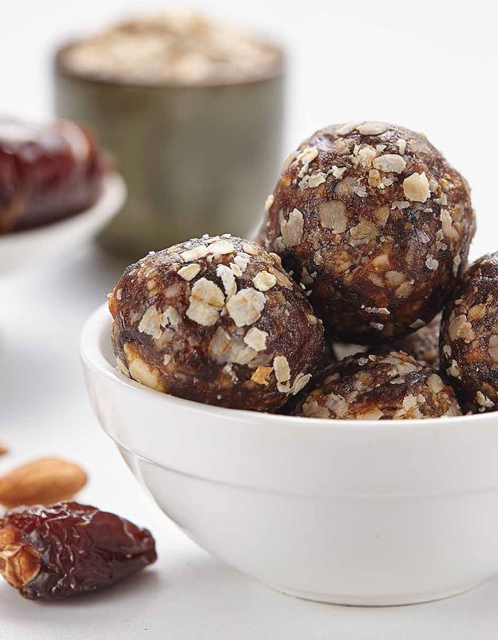 One of the sweetest fruits across the world, dates are rich in fiber content and particularly rich in proteins and vitamins. Used as a replacement of sugar in a lot of culinary dishes, dates combine with healthful oats, to make this Laddoo, a great, energy-packed, naturally-sweet, fiber-rich, healthy meal/snack replacement.
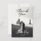 Modern Black White Script Bröllop Photo Tack Kort
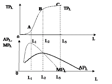 Количество используемого фирмой ресурса, таким образом, будет находиться в интервале L2-L3, а объем выпуска в интервале отрезка В-С. Объемы применения переменного ресурса, при которых достигается максимум среднего продукта (АР) и нулевой предельный продукт (МР) называют соответственно экстенсивным и интенсивным пределами использования фиксированного количества постоянного ресурса. Диапазон занятости переменного ресурса между экстенсивным и интенсивным пределами использования переменного ресурса называется эффективной зоной.

Brief
Would you set down each line of the data exactly, with no images included?

Response
 One of the sweetest fruits across the world, dates are rich in fiber content and particularly rich in proteins and vitamins. Used as a replacement of sugar in a lot of culinary dishes, dates combine with healthful oats, to make this Laddoo, a great, energy-packed, naturally-sweet, fiber-rich, healthy meal/snack replacement.
 Modern Black White Script Bröllop Photo Tack Kort
 Количество используемого фирмой ресурса, таким образом, будет находиться в интервале L2-L3, а объем выпуска в интервале отрезка В-С. Объемы применения переменного ресурса, при которых достигается максимум среднего продукта (АР) и нулевой предельный продукт (МР) называют соответственно экстенсивным и интенсивным пределами использования фиксированного количества постоянного ресурса. Диапазон занятости переменного ресурса между экстенсивным и интенсивным пределами использования переменного ресурса называется эффективной зоной.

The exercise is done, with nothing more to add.